Perrigo Q4 Core EPS Drops to $0.76, Plans $80–100M Savings Program
In Q4, Perrigo’s core organic net sales dropped 2% and core EPS declined to $0.76, while full-year 2025 CORE EPS climbed 14% to $2.75. Management recorded a $1.3 billion non-cash goodwill impairment, forecast a $0.60 EPS under-absorption headwind for 2026, and initiated an $80–100 million annual savings program.
1. Q4 and Full-Year 2025 Performance
Perrigo’s core organic net sales fell 2% in Q4, with core operating income down $4 million and core EPS decreasing $0.02 to $0.76. For full-year 2025, all-in operating income grew 2% and EPS rose 7% to $2.75, while CORE operating income increased 7% and CORE EPS jumped 14%.
2. Goodwill Impairment and Financial Impact
Management recorded a $1.3 billion non-cash goodwill impairment in 2025 that does not affect cash flows but creates an approximate $0.60 EPS under-absorption headwind in 2026. CFO flagged potential additional impairment charges early in 2026 related to segment reporting changes.
3. Three-S Strategy and Portfolio Actions
Under its Three-S plan—simplify, streamline, strengthen—Perrigo gained over $100 million in new U.S. store-brand distribution and reversed years of market‐share declines in key OTC categories. The company is divesting its dermacosmetics business by Q2 2026, reviewing its infant formula portfolio, and reorganizing reporting into Self Care, Specialty Care, and infant formula segments.
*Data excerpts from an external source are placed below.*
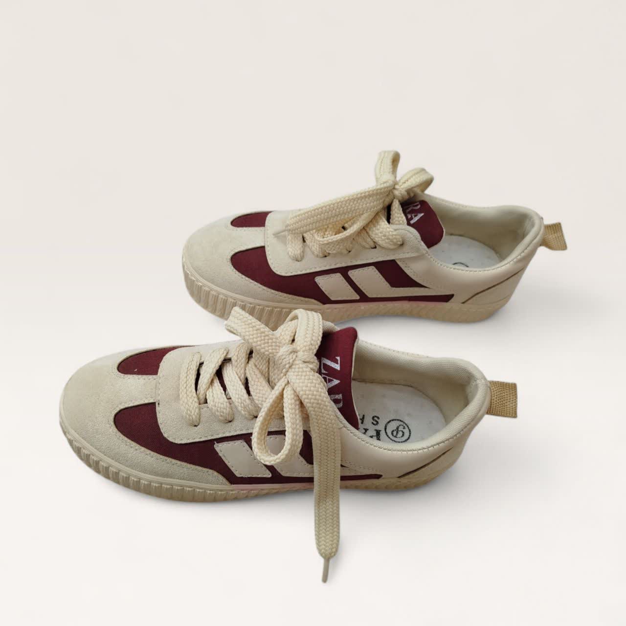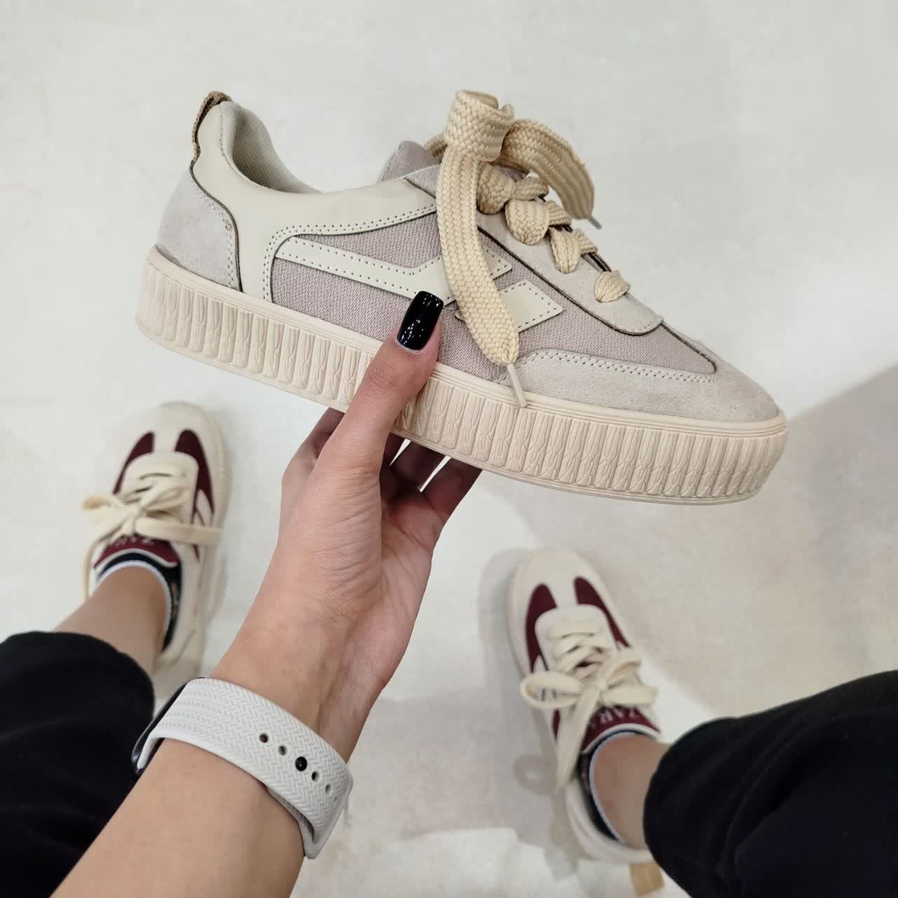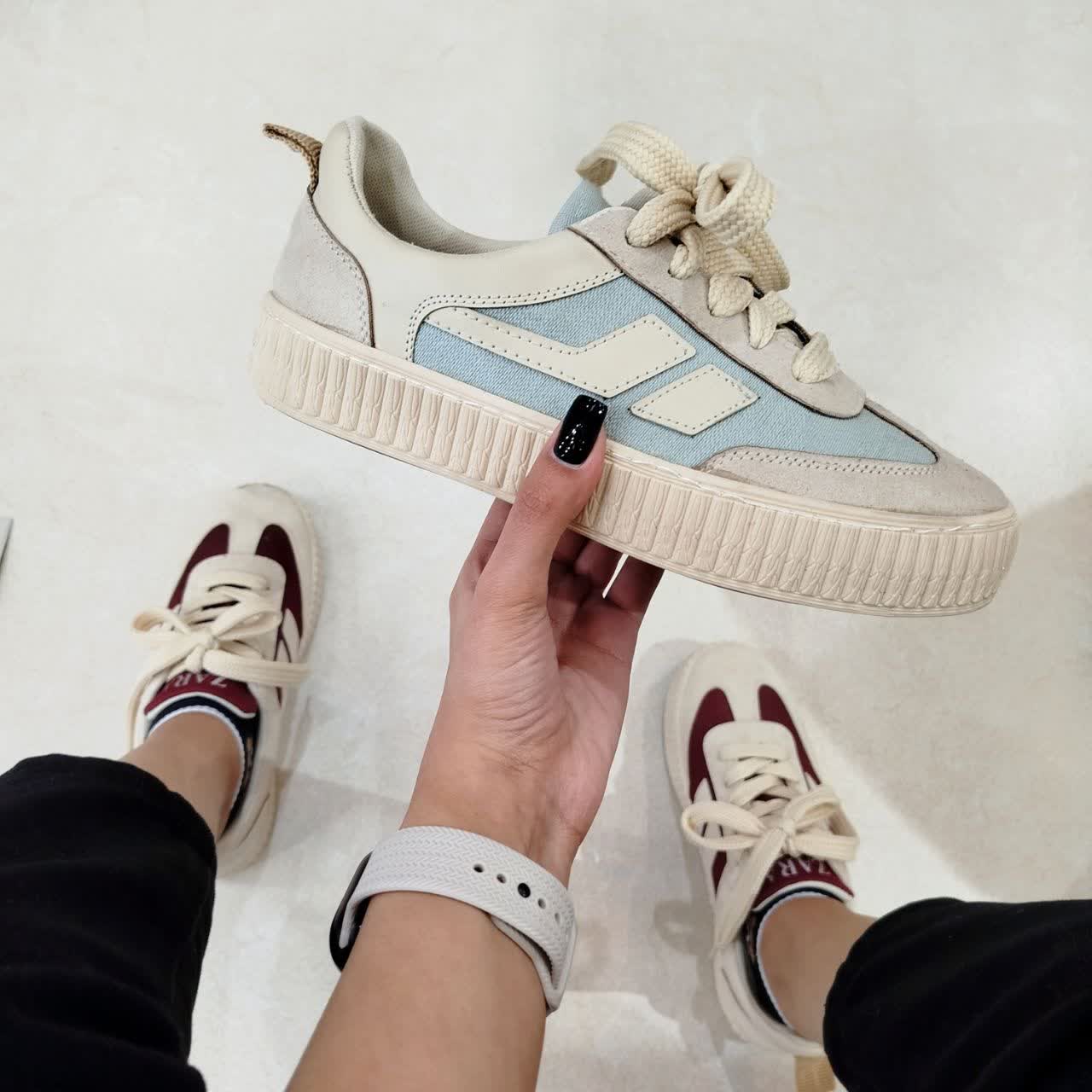 کتونی PALIA ✔️ سایز بندی : ۴۰ ✔️ رنگ بندی : کرم_زرشکی ، کرم_آبی ، کرم ✔️ زیره نرم و منعطف ✔️ جنس رویه : شانل 📏راهنما انتخاب سایز : سایز ۴۰ اندازه کفی داخلی ۲۵ سانت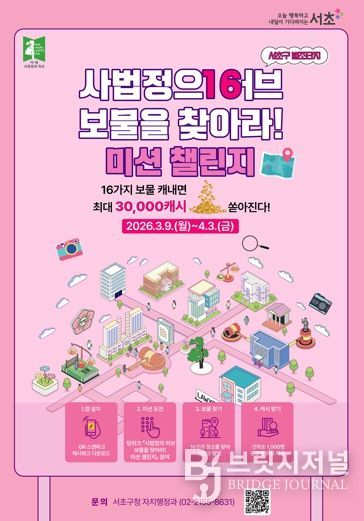 브릿지저널 김경미 기자 | 서울 서초구는 서초역 일대 ‘아·태 사법정의 허브’의 주요 명소를 널리 알리고 주민 참여를 확대하기 위해 3월 9일부터 4월 3일까지 약 한 달간 '사법정의 허브 보물을 찾아라! 미션 챌린지'를 진행한다고 밝혔다.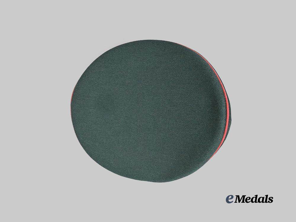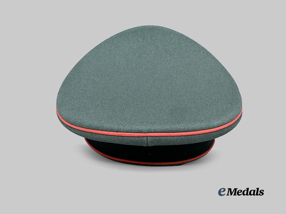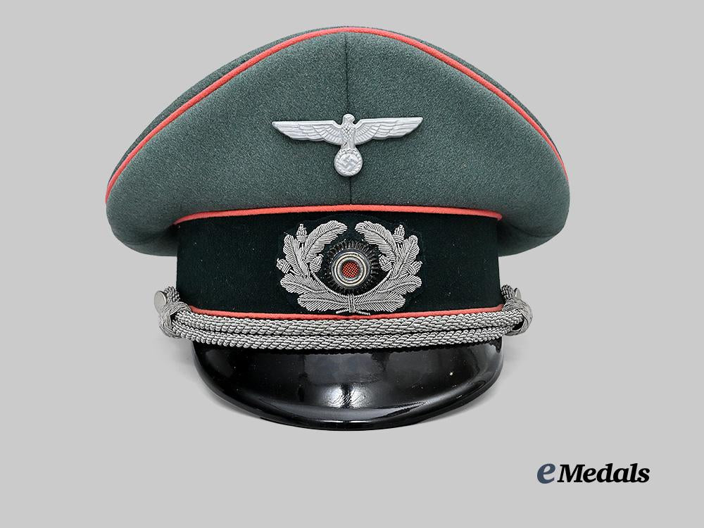 (Heer Schirmmütze für Offiziere der Panzertruppe). An extremely well-preserved Heer Panzer Troops Officer’s visor cap, constructed of field-grey whipcord wool. It features reinforced side walls which are fully lined on the exterior with a dark green wool cap band. Both the top and bottom edges of the band are trimmed with rose-pink piping, while an additional length of identical piping surrounds the outer edge of the crown. Pinned onto the peak of the cap is an aluminum insignia consisting of a Wehrmacht eagle clutching a wreathed mobile swastika, measuring 65 mm (w) x 25 mm (h). Directly below the eagle, the centre of the cap band features an additional insignia consisting of a padded dark green wool base bearing a hand-embroidered silver aluminum wire oak leaf wreath surrounding a tri-colour cockade. The lower edge of the cap band is flanked on each side by pebbled aluminum studs which accommodate a chinstrap constructed of multiple rows of twisted and rolled silver aluminum wire. A protruding vulcanfibre visor completes the exterior features, and is finished in black on the obverse and light brown on the reverse. A multi-piece beige rayon liner encompasses the interior, while a wide light brown sweatband surrounds the side walls and is perforated with ventilation holes through the forehead. Stitched onto the crown is a transparent plastic moisture guard which bears the “SONDERKLASSE” maker’s mark of EREL (the former firm of Robert Lubstein, Berlin”, along with a distributor mark of “MILITÄRWARENHAUS HANS DÜBECK, WIEN IX. BERGGASSE 31”. An additional silvered EREL mark is visible on the right side of the sweatband. Inserted into the guard’s slot is a paper label bearing a typewritten owner’s name of “MAJOR HANS V. KRISCHER-WEHREGG”. The cap measures approximately 23 cm (w) x 27 cm (l) x 17 cm (h). Minor soiling consistent with wartime wear is visible to the interior, but this owner-attributed cap remains in an extremely fine condition.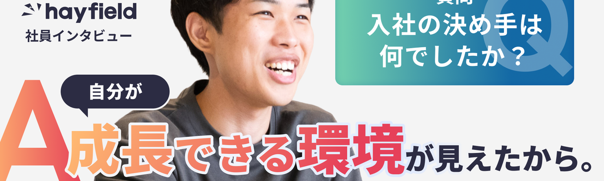 株式会社ヘイフィールド over 3 years ago Follow Rikuya Yamauchi and 2 others 【社員紹介】成長するための要因が整っていて必死になれる環境 こんにちは、ヘイフィールドで採用人事をしている山内です!今日は、業界未経験ながら即戦力として活躍している渡辺さんにインタビューしてきました。【渡辺さんのプロフィール】出身地:神奈川県大和市趣味 ... Read more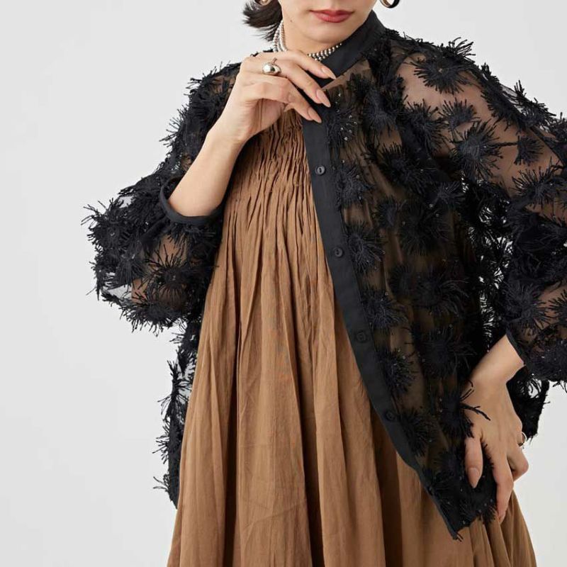 トップスとしてはもちろん、タンクトップなどの上に羽織っても可愛い一枚です。
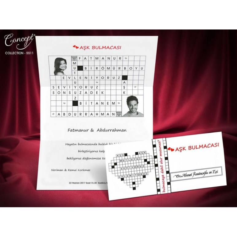 Aşk Bulmacası Temalı Davetiye - 5511 200 Adet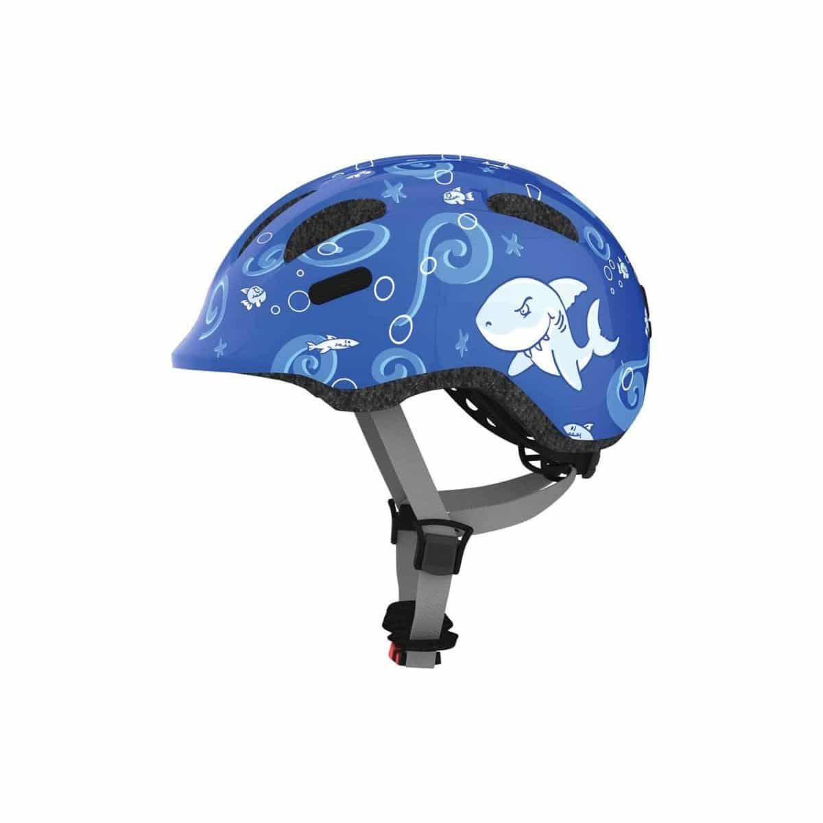 De Abus helm Smiley 2.0 Blue Sharky S 45-50cm is de perfecte helm voor kleuters met loopfietsen of als passagier in het kinderzitje op mama’s op papa’s fiets. Met de licht vlak aflopende achterkant van de helm zit het kind ontspannen en comfortabel in het kinderzitje. Een ongecompliceerde startershelm voor kinderen met fantasierijke decoraties en met grote reflector. Abus in-mold helmen zijn goed geventileerde helmen waarvan de buitenschaal permanent met het EPS verbonden is. Zij worden gekenmerkt door een laag gewicht en een slank design. Deze helm beschikt over een speciaal insectengaas, wat uitgebreide bescherming biedt tegen insecten.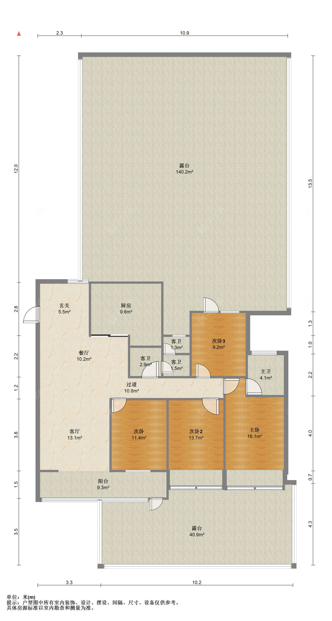 3室2厅2卫 | 135㎡ | 南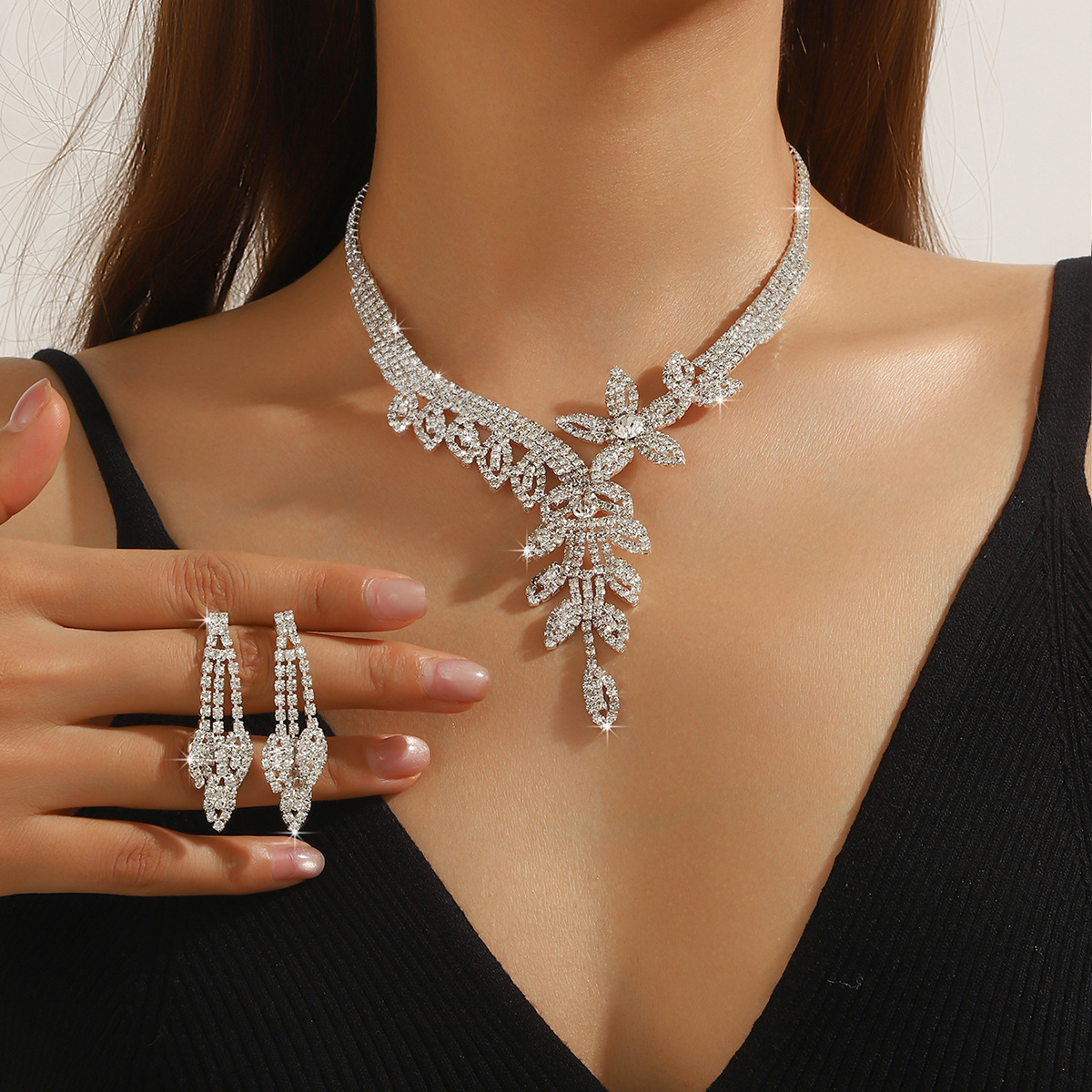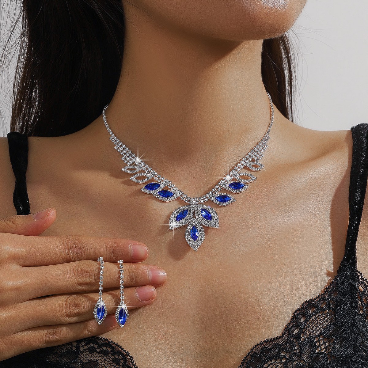Necklace Women's Fashion European and American Zircon Necklace Earrings Set Bridal Wedding Veil Evening Party Jewelry Set Accessories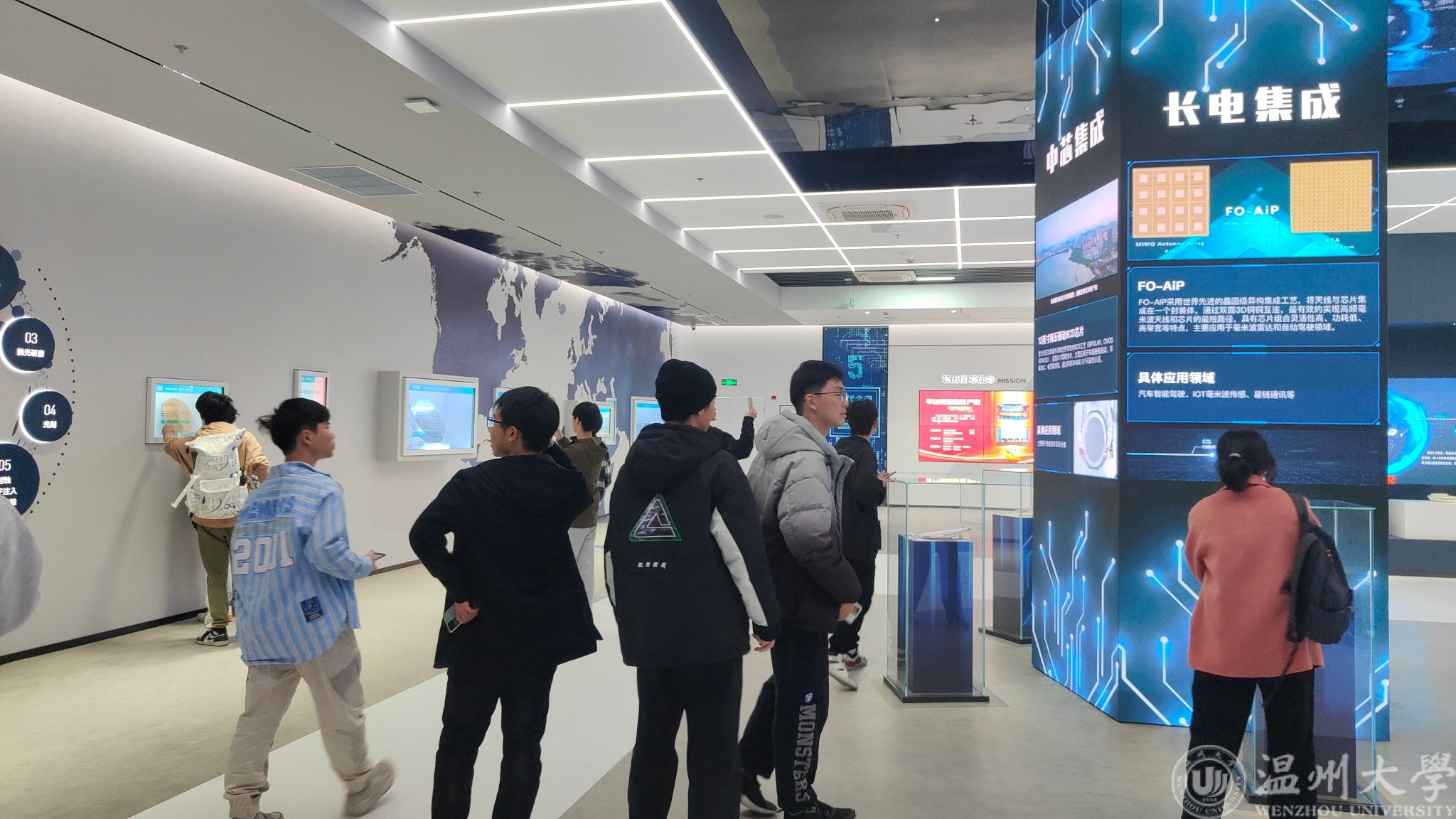 12月5日下午,团队一行抵达绍兴集成电路产业园,同学们满怀期待走进园区。园区管委会和展示中心的人员热烈欢迎学生们的到来,并对产业园的整体发展和企业情况进行了简单的介绍,让同学们对长三角和浙江集成电路产业的规划和分布有了一定的了解。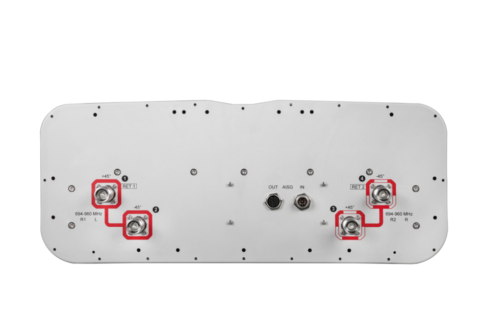 4-port sector antenna, 4x 694–960 MHz, 65° HPBW, 2x RET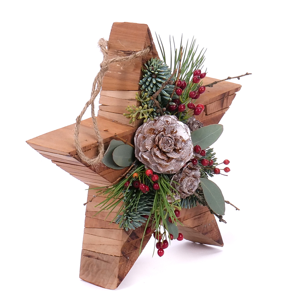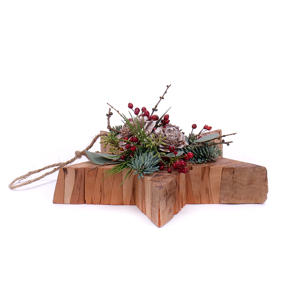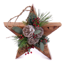 Zimný aranžmán na drevenej hviezde je dokonalou dekoráciou, ktorá vnesie do vášho domova čaro Vianoc. Tento jedinečný kúsok spája prírodné prvky so živou čačinou. Je ideálny na zavesenie na stenu, položenie na stôl či parapet a vynikne aj ako originálny darček. Drevená hviezda dodáva celému dizajnu rustikálny šarm a teplo, ktoré umocní sviatočnú atmosféru.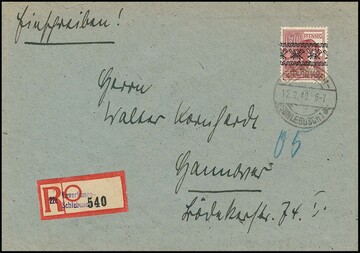 1 Mk. AM-Post, nebst weiteren Werten, auf überfrankiertem Expreßbrief, Attest Dr. Koch. Mi. lose 500,-

4. 2026 Outlook and Savings Program
Management described 2026 as a transition year, guiding CORE net sales growth of -3.5% to +0.5% and CORE EPS of $2.25–$2.55. A two-year operational program targets $80–$100 million in annual pre-tax savings through ~7% workforce reductions and cost efficiencies, with most savings expected in the back half of the year.